[Material to process — start]

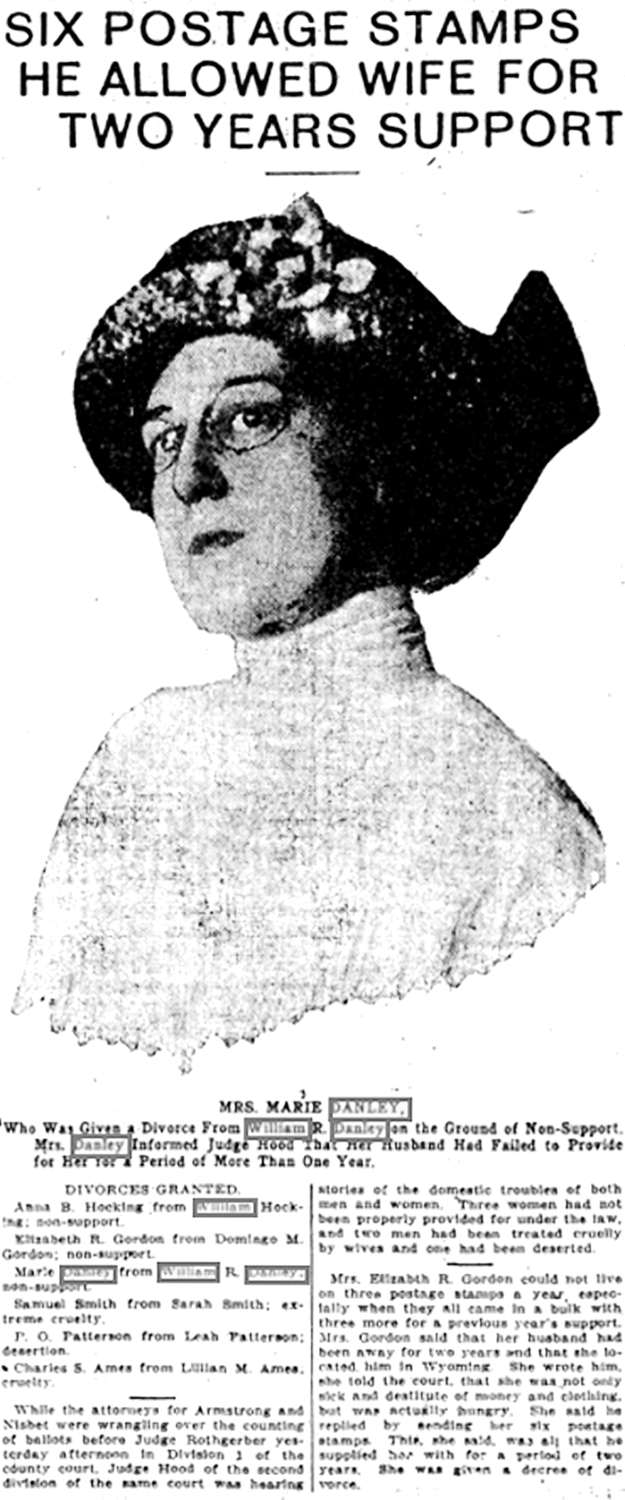Marie Smith received a divorce from William Rowland Danley in July, 1913, in Denver, Denver Co., CO, on the ground of non-support.
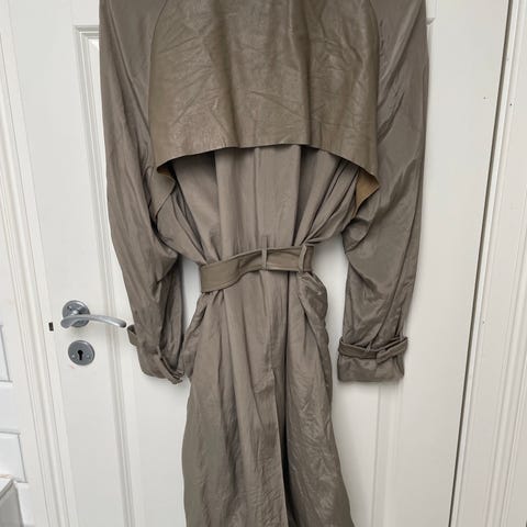 Kåpe i beige farge, størrelse L for kvinner. Kåpen har belte i livet og lang lengde, med detaljer som krage og lommer.
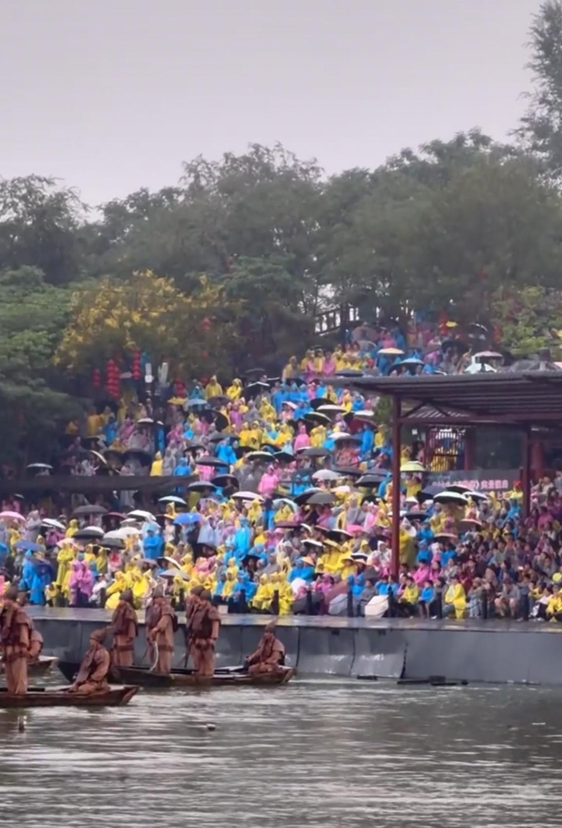 2日上午,該園工作人員告訴記者,游客進園之后,在門口可以免費領取雨衣,正常是穿不破的,這個雨衣沒有打LOGO,“太多了,現在印不上。”問及為何想到免費發放,該工作人員表示:“下雨為顧客發放雨衣,提供必要的幫助是應該的。”在2日的景區直播中,極目新聞記者注意到,觀眾臺上不少游客都穿著景區發放的雨衣觀看表演。
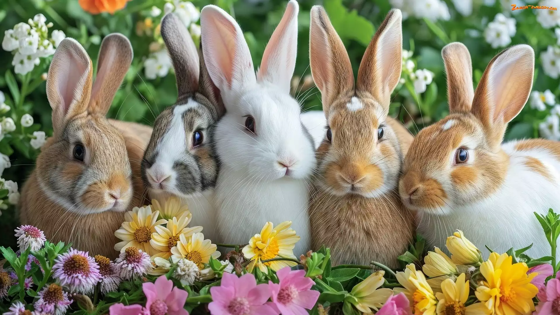 Zdjęcie: Kwiaty, Pięć, Grafika, Króliki, Królików, Kolorowe
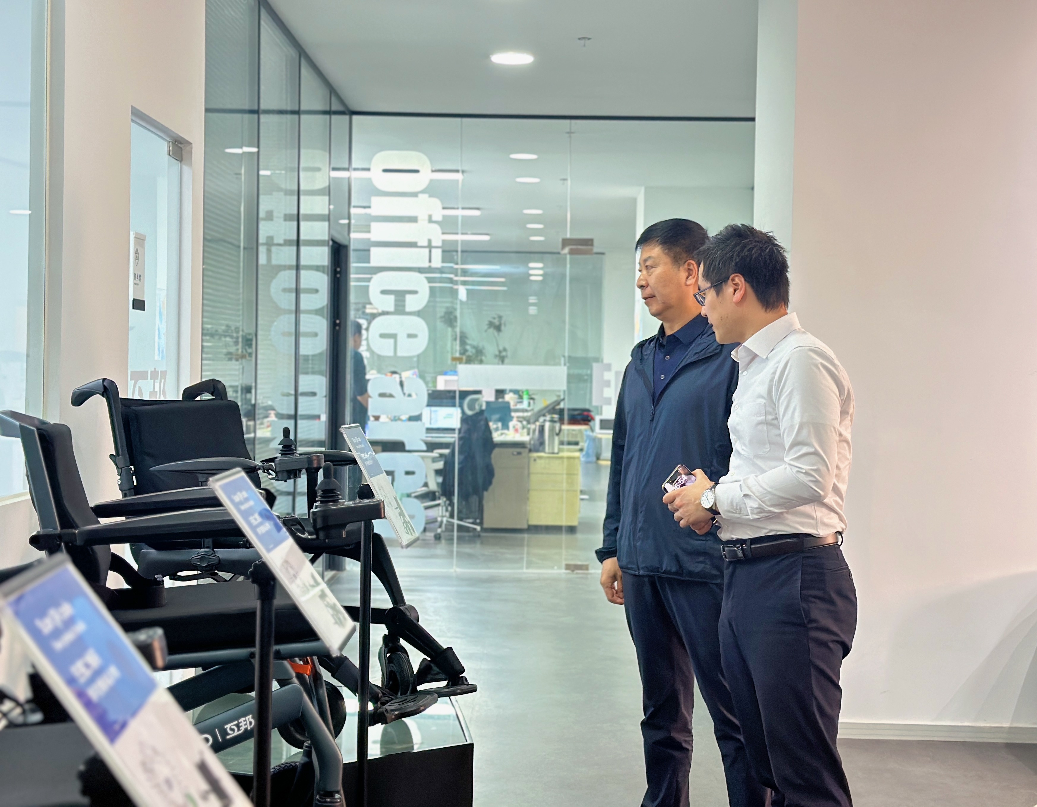 調(diào)研團隊首先參觀了上?;グ畹纳a(chǎn)車間和輪椅產(chǎn)品展示區(qū)。賀君萍總經(jīng)理為調(diào)研團隊詳細介紹了互邦公司的整體情況,并與艾紅鍔書記就遼寧省內(nèi)康復(fù)輔助器具產(chǎn)業(yè)的發(fā)展趨勢進行了深入探討。
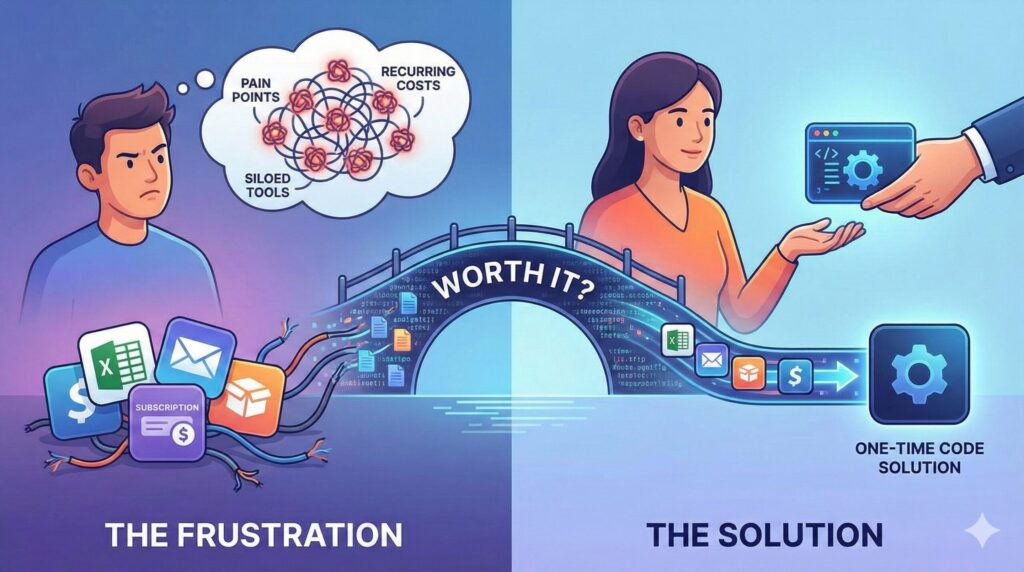 The Developer Alternative: Often, the specific function that subscription tool performs can be replicated with a custom script—a piece of code written just for you. You pay for the development once, and you own the solution forever. The ROI on replacing monthly subscriptions with permanent code happens surprisingly fast.

[Material to process — finish]

__Directions__
The response should restate the material above word for word and contain no pictures.

__Task output__
Marie Smith received a divorce from William Rowland Danley in July, 1913, in Denver, Denver Co., CO, on the ground of non-support.
 Kåpe i beige farge, størrelse L for kvinner. Kåpen har belte i livet og lang lengde, med detaljer som krage og lommer.
 2日上午,該園工作人員告訴記者,游客進園之后,在門口可以免費領取雨衣,正常是穿不破的,這個雨衣沒有打LOGO,“太多了,現在印不上。”問及為何想到免費發放,該工作人員表示:“下雨為顧客發放雨衣,提供必要的幫助是應該的。”在2日的景區直播中,極目新聞記者注意到,觀眾臺上不少游客都穿著景區發放的雨衣觀看表演。
 Zdjęcie: Kwiaty, Pięć, Grafika, Króliki, Królików, Kolorowe
 調(diào)研團隊首先參觀了上?;グ畹纳a(chǎn)車間和輪椅產(chǎn)品展示區(qū)。賀君萍總經(jīng)理為調(diào)研團隊詳細介紹了互邦公司的整體情況,并與艾紅鍔書記就遼寧省內(nèi)康復(fù)輔助器具產(chǎn)業(yè)的發(fā)展趨勢進行了深入探討。
 The Developer Alternative: Often, the specific function that subscription tool performs can be replicated with a custom script—a piece of code written just for you. You pay for the development once, and you own the solution forever. The ROI on replacing monthly subscriptions with permanent code happens surprisingly fast.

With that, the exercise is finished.